Monthly Archives: September 2012

Episode 6, Hades – In which Bloom attends the funeral of Paddy Dignam and encounters Death, wearing a raincoat..

Bloom cements his role as “outsider” in this section, but also as a thinker of cool new ideas (inserting telephones in a coffin, just on the off chance one is buried alive, similar to Uma Thurman in Kill Bill?  Sheer genius!)

As he is on his way to the funeral of his suddenly departed friend Dignam, he shares a carriage ride to the services with a number of acquaintances. It is pointed out that he is the last to get in to the carriage and then frequently ignored or slighted by his companions.  We’ve all been in this situation: on a long car ride with a group, or in some sort of carpool situation with people you don’t know that well.  I myself spent half a day touring the island of Oahu with a mini-van full of relatives, sitting one butt cheek on, one off, balancing against the door at every curve in the road.  Other times I’ve pretended to be incredibly interested in the scenery due to the distinct feeling that I wasn’t really part of a conversation taking place among a group in a car and that no one was really interested in what I was saying and in fact were more interested in the lyrics to a Lady Gaga song playing just then on the radio.  For these reasons I had no problems relating to our hero/anti-hero Bloom.

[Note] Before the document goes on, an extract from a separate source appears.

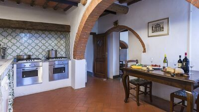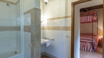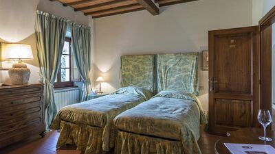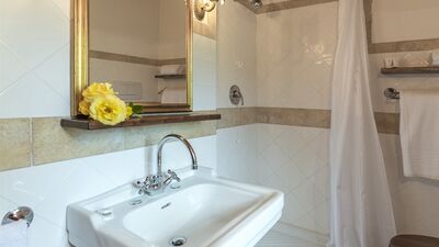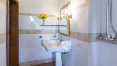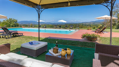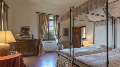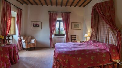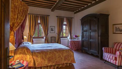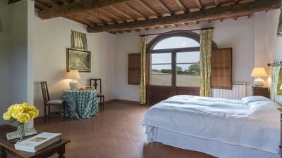 Située dans une position enchanteresse à la périphérie de la ville d'Arezzo et entourée de géométries suggestives de vignes et d'oliviers, cette prestigieuse propriété reflète tout le charme des villas nobles du XVIe siècle. Les chambres spacieuses et élégantes, les chambres raffinées avec salle de bain privée, décorées de tissus raffinés, de lits à baldaquin romantiques et de meubles anciens, le jardin bien entretenu et une immense piscine à usage exclusif font de la Villa Palazzaccio l'environnement idéal pour les réunions de famille ou pour accueillir de grands groupes d'amis qui souhaitent passer un séjour relaxant dans un environnement calme, même si elle est très proche des attractions les plus belles et les plus prestigieuses de cette partie de la Toscane. Le Palazzaccio se trouve à seulement 1,5 km des remparts des Médicis et offre une vue sur le Casentino, le Pratomagno et le Monte della Verna, où Saint François a reçu les stigmates. Nous sommes également à moins de trois kilomètres du centre historique de la ville qui a vu naître de nombreux artistes et qui abrite aujourd'hui des chefs-d'œuvre architecturaux et artistiques de renommée mondiale, mais en peu de temps et avec la complicité de l'Autostrada del Sole à 13 km et de la gare à 5 km, vous pourrez rejoindre Florence, Sienne, Pérouse, Cortone et les belles régions du Chianti et du Casentino. La Villa Palazzaccio fait partie du domaine de San Fabiano, situé à environ 500 m de la résidence, l'une des fermes les plus prestigieuses et les plus grandes de la région, dont les terres cultivées avec des oliviers et des raisins donnent vie à une huile d'olive extra vierge exceptionnelle et au prestigieux nectar à déguster et à acheter directement dans les caves locales. La structure propose une dégustation gratuite de ses vins qui peuvent être achetés sur place. Possibilité d'avoir un chef sur demande pour le petit déjeuner, le déjeuner et le dîner. NB : si vous louez le bien selon cette solution, aucun autre client ne sera présent dans l'ensemble de la structure.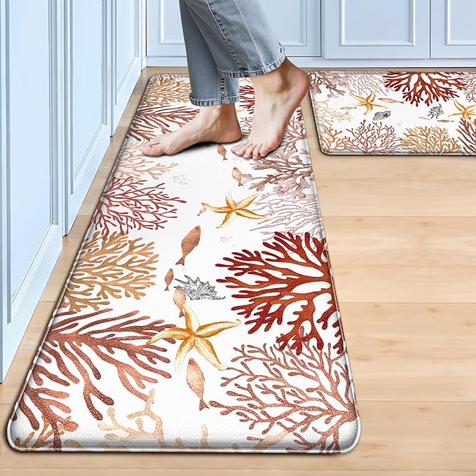 - Anti-Fatigue Kitchen Floor Mats: Includes 2-piece 17.3 x 28-inch + 17.3 x 47-inch 0.4-inch coastal coral kitchen rugs. High-density PVC provides optimal support, keeping you comfortable even after a full day in the kitchen. Feels like walking on clouds. The coastal kitchen mats for floor cushioning layer effectively relieve foot and leg fatigue, making long hours of standing effortless.

One thing I was not expecting was that I would become so intimately acquainted with Stephen’s father, Simon, who turns up in the carriage.  It is a bit fun having this alternate perspective of Stephen’s take on the events of his life, as his father seems like not such a bad fellow, especially as he visits the grave of his recently departed wife later on in the section.

The chapter is overall a memorable one not just for the Occasion that the chapter centers around, but for the real go at traditional story-telling being made by Joyce.  Dialogue, conflict, time progressing at a understandable rate — I can barely believe it!


Joyce death mask?

Joyce had a death mask?  This seemed very unlike him, but then again maybe he had no say in the matter.

Perhaps more importantly, who is this oddball peering at him so lovingly?

Some reporter.

Turns out one of the Martello towers discussed in Ulysses, home to Stephen, Buck, and detested house guest Haines, has recently re-opened to the public, despite the financial woes of Ireland.  The dreamy-eyed reporter was “horrified” by the closing of the tower for the spring and summer months, so has overcome her aversion to public service and volunteered a few shifts along with others, as part of the Friends of the Joyce Tower Society.  Worth a visit for any Joyce enthusiast I suppose.